What is the importance of Justin Timberlake’s apology to Britney Spears & Janet Jackson?

Saying he was “deeply sorry for the times in my life where my actions contributed to the problem, where I spoke out of turn, or did not speak up for what was right,” Justin Timberlake provided us some important materials for relevant commentary. He dosed our sensibilities with some meaningful lines and messages, the kinds of which we don’t see often. Because of the widespread practice that encourages us to rationalize our actions rather than admit our wrongs. If we can find a way to ‘explain’ our ‘position’ and do it in a persuasive manner, we may end up not apologizing for obvious wrongs, especially when while making ‘our point’ we ‘connect’ with some fans who extend some kind of solidarity to us.

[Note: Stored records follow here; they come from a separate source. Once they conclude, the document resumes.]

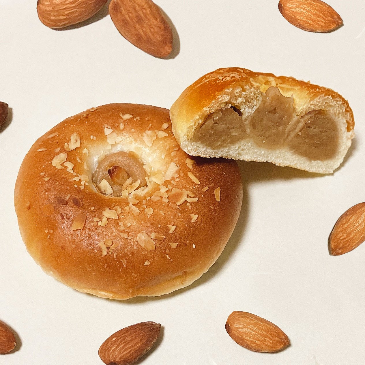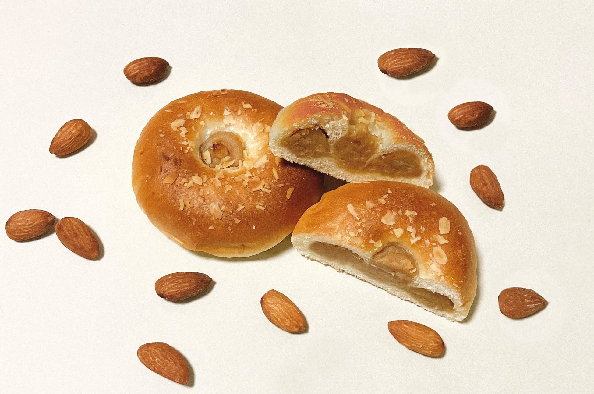 酒種入りの木村屋オリジナル生地で、風味の良いアーモンドミルクを使用した白あんベースの餡に、砕いたアーモンドとキャラメリゼしたアーモンドのペーストを入れて、味と香りを包み込んで焼きあげました。
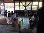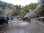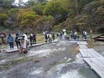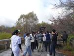 バスから湯ノ湖を見てホテルに到着。入館式を行いホテルの方へご挨拶をしました。足湯につかり、源泉散策もしました。硫黄の温泉なのでゆで卵のようなにおいでした。ホテルへの帰り道でシカが草を食んでいる様子を見ることができました。
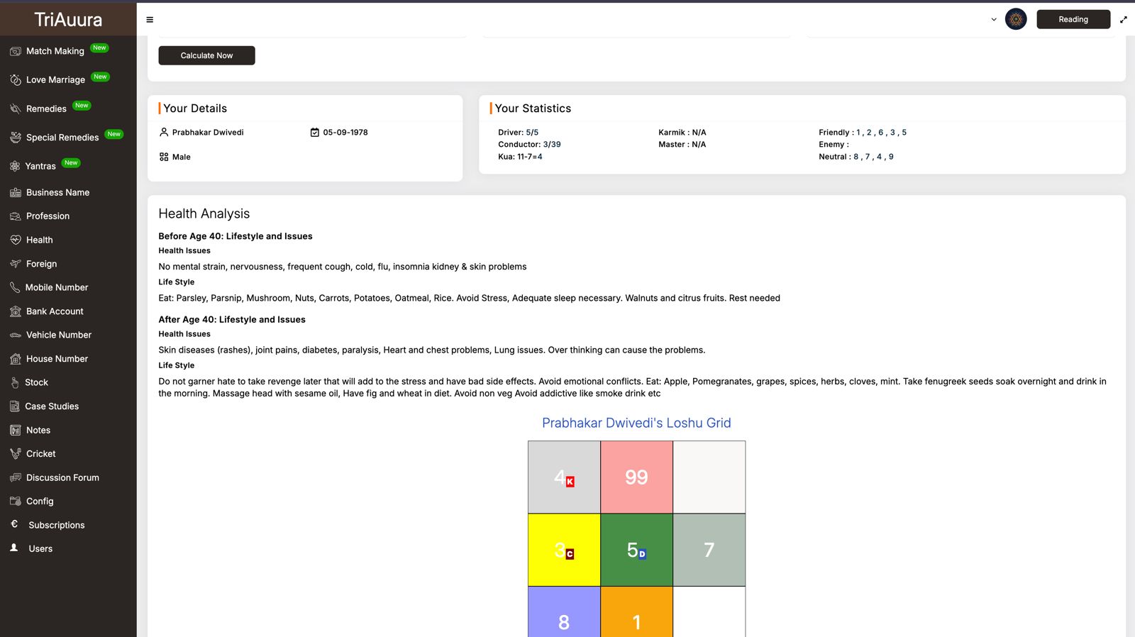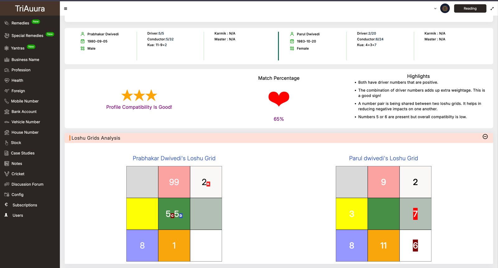 Supports Vedic, Pythagorean, Chaldean, Lo Shu Grid, and Numero Vastu calculations in one platform.
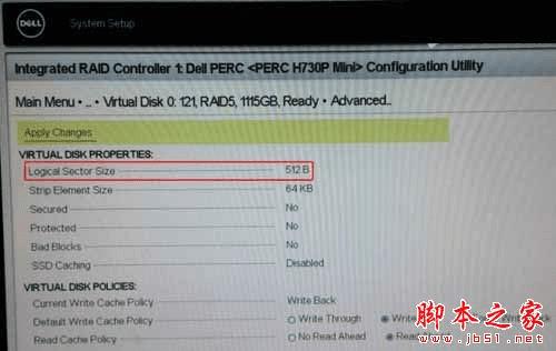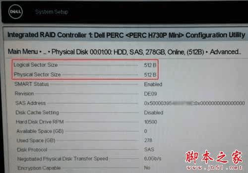 如上图,这台戴尔服务器配置了PERC 9系列RAID卡中的H730P Mini,它识别到当前选定SAS硬盘的物理和逻辑扇区大小都是512Byte。
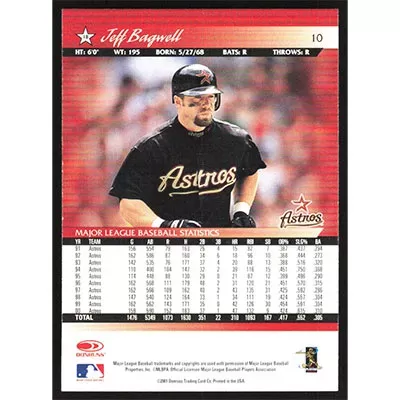 This is a 2001 Donruss Jeff Bagwell baseball card. The card is #10 and pictures show condition.

Unfortunately, it seems that offer of solidarity is often interpreted as justification for the temptation to dig in instead of apologizing. And heaven knows how much damage could have been avoided had we apologized for a wrong and not created the conditions by which we were enabled to dig in.

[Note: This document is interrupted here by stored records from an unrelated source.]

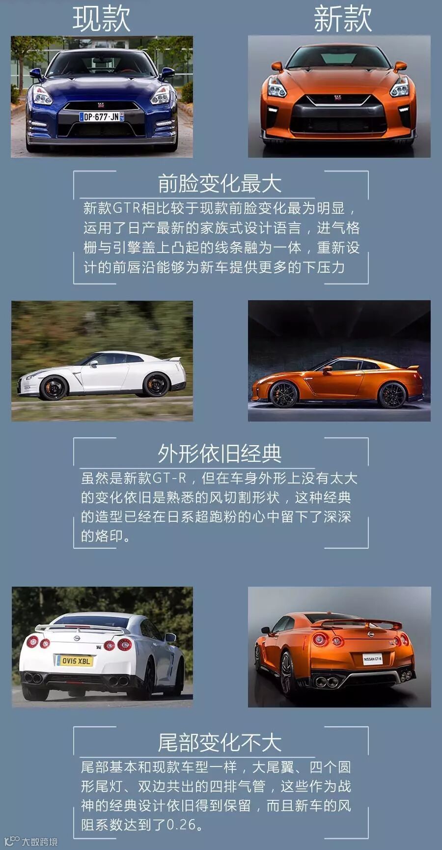 2017款GTR属于R35车系,是GTR的第六代车型,承接R33和R34的经典血统。这一代第一款R35于2008年正式发布,直到2017款GTR-R35诞生,日产的性能部门仍然拼命压榨R35的剩余价值。作为改款车型,新款GT-R依然沿用了这代经典的风塑外形设计,内饰采用简洁的设计风格,底盘重新调校使得高速过弯更加的稳定,马力较现款车型也有所增加。
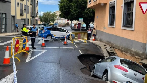 Corrieron al lugar donde habían aparcado el coche y comprobaron que, efectivamente, la calzada estaba hundiéndose poco a poco, engullendo su vehículo. No fue inmediato, no calló a plomo. Cuando llegaron, el socavón se estaba agravando y les dio miedo meterse al coche para sacarlo por si se las llevaba con él. Los dueños de los vehículos colindantes tuvieron suerte y pudieron retirarlos antres de que la zona donde estaban aparcados se derrumbara también.
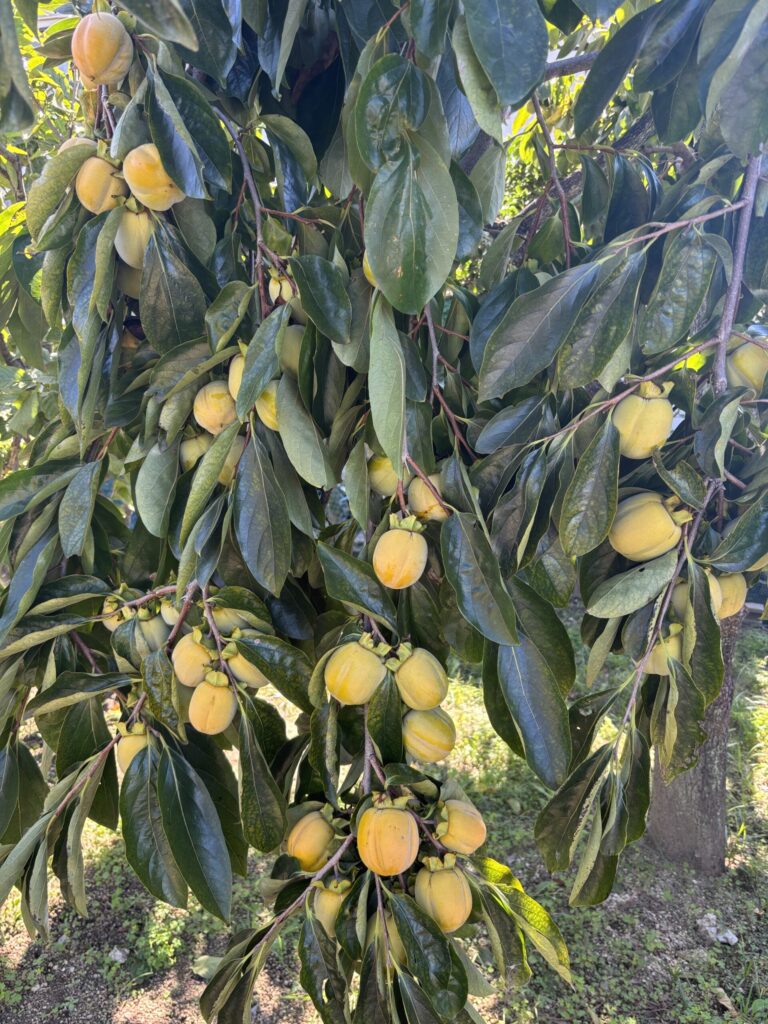 干し柿にする西条柿が、少しずつ黄色くなってきました。
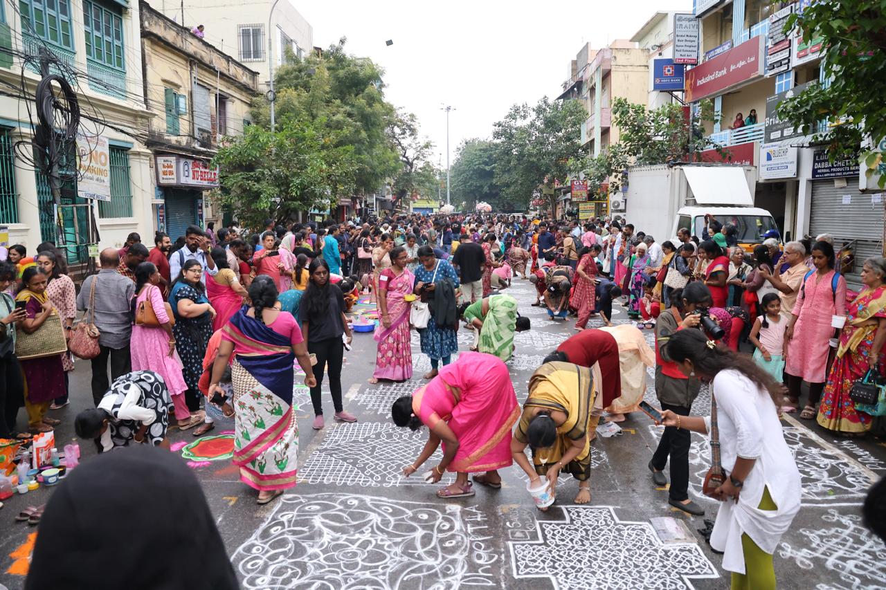 On the weekend of Jan.10 and 11, the east side of North Mada Street turned into a carpet of kolams and rangolis as over 160 people, each evening – men, women and teens – took part in the contests which are the flagship events of the festival. The grey skies, the prediction of heavy rain and the light drizzle did not dampen the enthusiasm of the participants.

Those who argue that because it is coming late in the day, it is no longer necessary, miss the point of the whole exercise. Justin would want to go on record that he acknowledged his wrong. It is more honorable to do so and teach others, like he did last week, than ‘bottle’ it up and assume time would wipe the wrongs away. The true measure of a man is determined not by how much of the truth he twists or cover-up, to obtain any kind of material advantage but how much of dignity and honour his conscience witnesses to him that he truly deserves, following an honest assessment of his actions or inactions. It is better to affirm what he truly feels on the inside than stand on an impressive edifice sitting entirely on shifting sand.

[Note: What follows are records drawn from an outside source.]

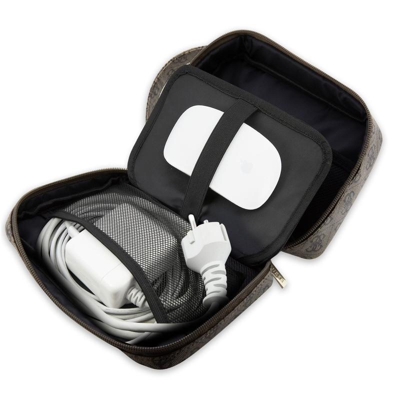 De Guess Travel Universal tas is de ideale reisgenoot voor iedereen die op zoek is naar een stijlvolle en handige manier om al hun telefoon-, tablet- of laptopaccessoires mee te nemen. De tas is gemaakt van hoogwaardig ECO leer en heeft een fijn gestructureerd oppervlak met het iconische Guess logo. Binnenin bieden goed ontworpen vakken voldoende ruimte voor opladers, powerbanks en stroomkabels. Het meest opvallende kenmerk van deze tas is de USB-A uitgang, zodat je een powerbank kunt aansluiten en je telefoon direct aan de zijkant van de tas kunt opladen. Met een strak design en gevoel voor stijl is deze tas perfect voor reizigers die waarde hechten aan functionaliteit en mode.
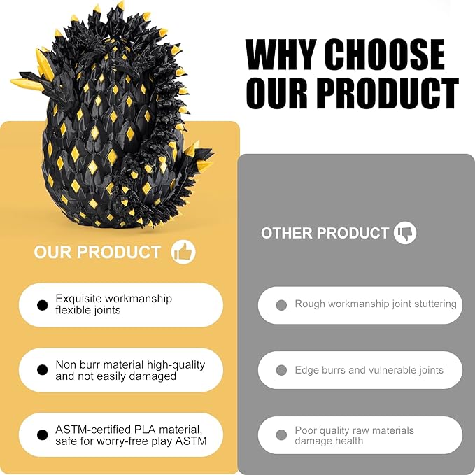- 【Eco-Safe & Kid-Friendly Dragon Toy for Ages 4+】Crafted from non-toxic, child-safe PLA material with smooth, rounded edges. A safe dinosaur toy and sensory fidget for kids 4+, ideal as a first dragon toy for toddlers or a cool desk animal for older kids and adults
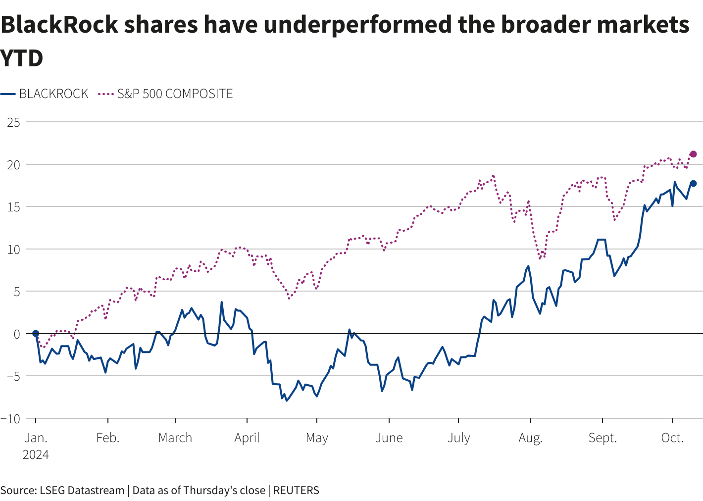 Aksionet e BlackRock u rritën me 1.9% në tregun e hapur të premten. Aksionet e saj janë rritur me rreth 18% në vitin 2024 që nga mbyllja e fundit, duke ndjekur kërcimin prej 21% të S&P 500.

When he said “I understand that I fell short in these moments and in many others and benefited from a system that condones misogyny and racism,” he took the lesson further. Although we all have come short, how many acknowledge and admit their shortcomings, like he did? Why is it easier to hype our strengths than acknowledge our shortcomings?

Going further, he said “I specifically want to apologise to Britney Spears and Janet Jackson both individually, because I care for and respect these women and I know I failed… “Because of my ignorance, I didn’t recognise it for all that it was while it was happening in my own life but I do not want to ever benefit from others being pulled down again.”

Altogether the strength of the apology rest heavily on the choice of words he used in his post last week.

Below are some key phrases from the post:

“deeply sorry”

“I fell short in these moments” “And in many others”

“I want to apologize” “I know I failed”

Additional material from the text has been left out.